How noteworthy was Tuesday's quake across Virginia, Maryland, Delaware and much of the American East Coast?
Enough to raise the eyebrows of an earth scientist in central Pennsylvania whose work has taken him onto some of the world's shakiest real estate.
"This was probably the strongest earthquake I've ever been in, and my research has taken me to active volcanoes," said Peter LaFemina, an assistant professor of geosciences in State College, Pa. "We felt it very strongly here, most likely because we're on very stable rock in this region."
It was that same usually steady, deeper rock that helped to send shaking from the quake near Mineral, Va., across Delaware and the rest of the Northeast on Tuesday, researchers said.
Although most of sandy-soiled Delaware is considered to be in a medium hazard area for earthquakes, the entire mid-Atlantic sits atop ancient bedrock crisscrossed by cracks and faults that periodically let go with a bang.
Just that happened Tuesday about 3.75 miles below the surface near Mineral, in an area known as the "Central Virginia seismic zone," a place where few clues are available about the number or location of cracks and weaknesses that can spawn earthquakes.
"Where harder rocks are deep down, those energies can be transmitted up and outward," when something moves, said Peter P. McLaughlin Jr., Delaware's state geologist and interim director of the Delaware Geological Survey. "That's why the shaking was felt as far north as Canada and as far south maybe as Georgia.
The quake itself, McLaughlin said, might have been the release of strains created 150 million or more years ago, during the most recent splitting of the continents and the re-opening of what is now the Atlantic Ocean, at a time when the Appalachian Mountains rose up.
Stefanie Baxter, a geologist at the Delaware Geological Survey, said the effects of Tuesday's tremor were not the most intense in state history. But it might have been the first on record to be felt throughout the state.
Although the magnitude can be measured only at the epicenter, Baxter said the effects reported in Delaware would be comparable to the intensity of a quake of about 2.0 near its epicenter. That might not sound like much, but for the First State, it's quite high, she said. The Geological Survey's tectonic instruments on the University of Delaware campus were designed to measure much smaller geological events. Tuesday's readings sent the seismographs measuring activity at Bellevue and Brandywine Creek state parks spiking off the charts.

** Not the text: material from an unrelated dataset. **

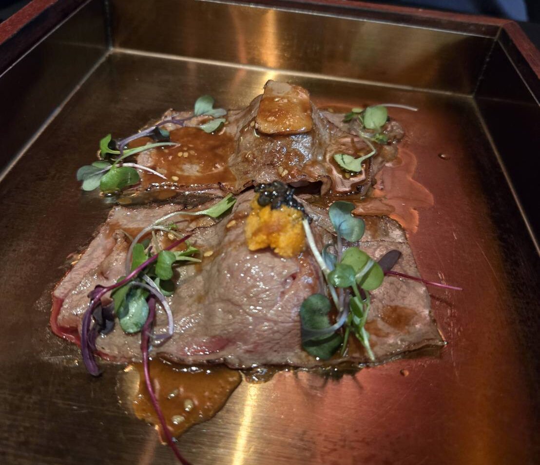 スペシャルメニューから頼んだ、ウニとキャビアが乗ってる和牛の握りもすぐにきて。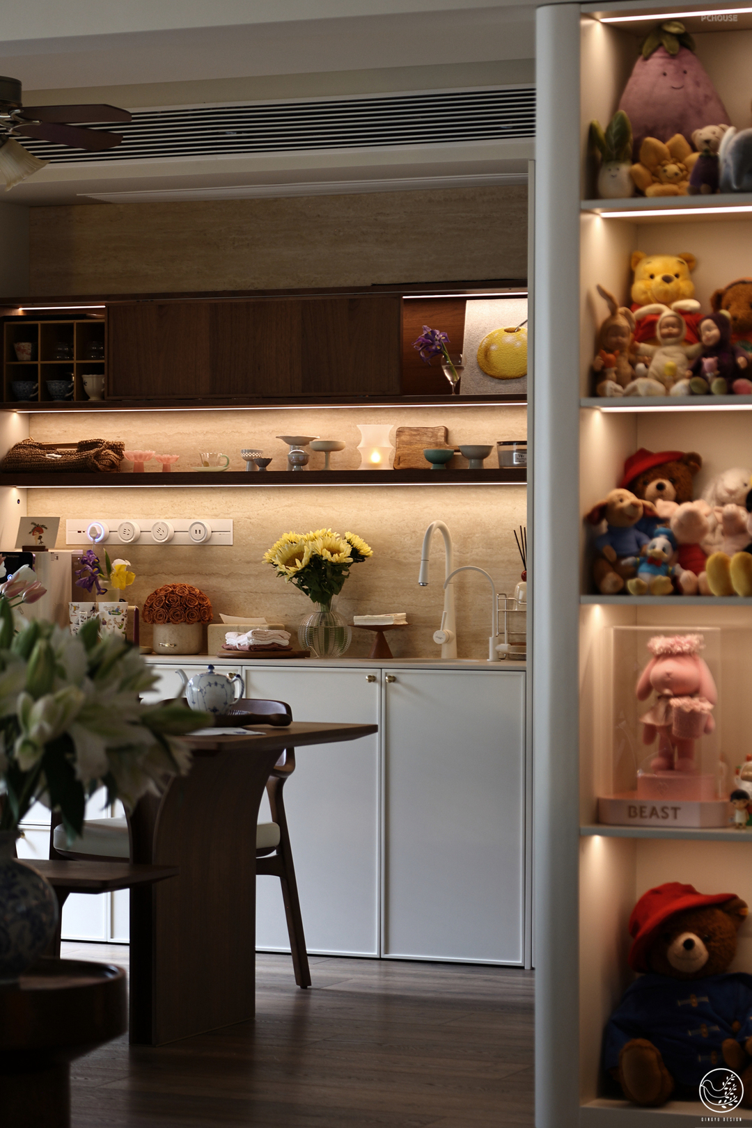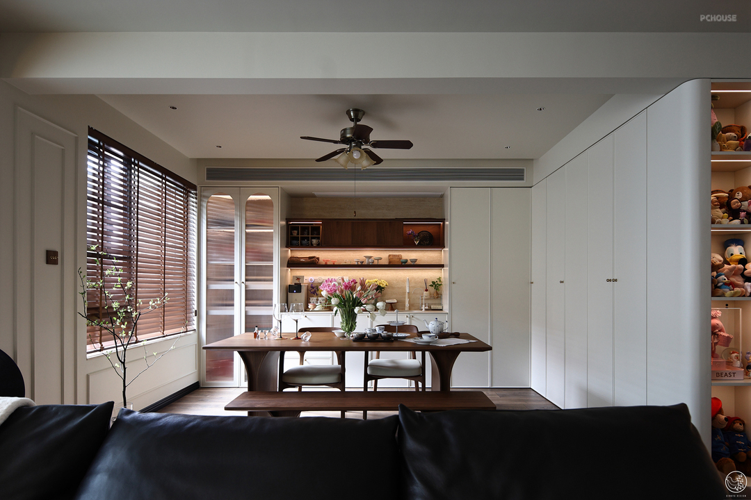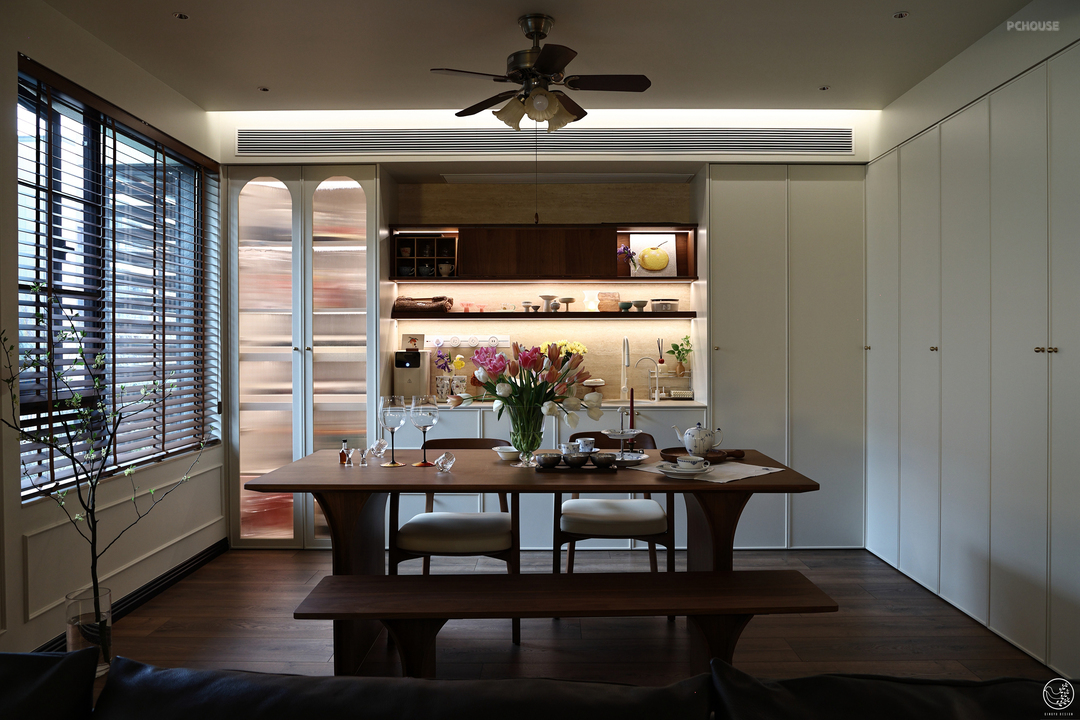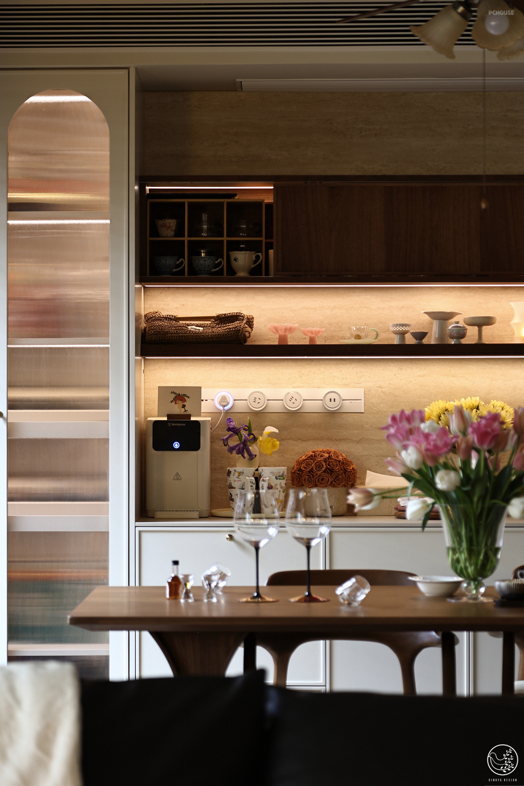 原本的房间拆除墙体后,设计师将它打造为餐厅和西厨区,并配置了满墙的收纳柜,来兼顾好看与杂物收纳。

Unlike the active earthquake zones of the Pacific, where global plates are grinding alongside, over or under one another, the bedrock sheets of the East are far from their nearest continental neighbor, at the mid-Atlantic Ocean ridge. The land under the eastern United States is nevertheless crisscrossed by deep faults, including the Piedmont area below Mineral, Va., and northern New Jersey.
And from time to time, those faulted areas move and shake.
"There's a fair amount of historic activity in that area, but not this big," McLaughlin said. "This is the biggest that relates to those faults running through there."